### Assignment
Below are records with pictures. Reproduce exactly the lines from the line with "这是过去60年间欧莱雅集团首" to the line with "Het laatste stukje", inclusive, and leave each picture out.

### Listed entries
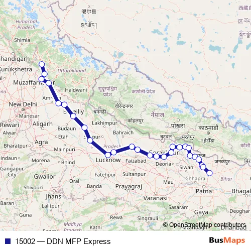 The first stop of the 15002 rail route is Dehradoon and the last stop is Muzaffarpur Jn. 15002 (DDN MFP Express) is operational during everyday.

--

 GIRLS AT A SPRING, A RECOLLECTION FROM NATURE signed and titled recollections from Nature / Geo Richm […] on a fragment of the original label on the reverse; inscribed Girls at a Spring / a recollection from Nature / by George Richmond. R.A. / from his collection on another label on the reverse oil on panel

--

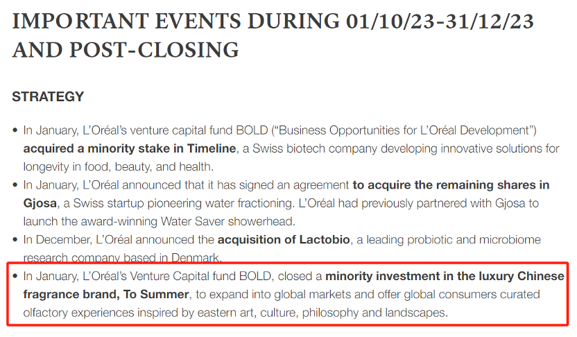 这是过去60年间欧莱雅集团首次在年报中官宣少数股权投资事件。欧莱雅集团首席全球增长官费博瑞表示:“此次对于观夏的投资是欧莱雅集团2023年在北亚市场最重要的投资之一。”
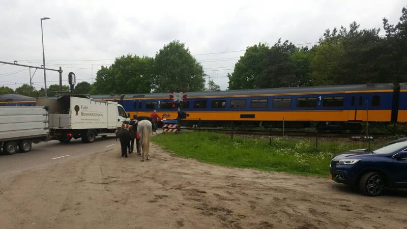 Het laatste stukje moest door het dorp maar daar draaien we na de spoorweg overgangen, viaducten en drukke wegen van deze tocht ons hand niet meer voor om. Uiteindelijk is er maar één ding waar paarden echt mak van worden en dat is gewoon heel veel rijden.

### Answer
 这是过去60年间欧莱雅集团首次在年报中官宣少数股权投资事件。欧莱雅集团首席全球增长官费博瑞表示:“此次对于观夏的投资是欧莱雅集团2023年在北亚市场最重要的投资之一。”
 Het laatste stukje moest door het dorp maar daar draaien we na de spoorweg overgangen, viaducten en drukke wegen van deze tocht ons hand niet meer voor om. Uiteindelijk is er maar één ding waar paarden echt mak van worden en dat is gewoon heel veel rijden.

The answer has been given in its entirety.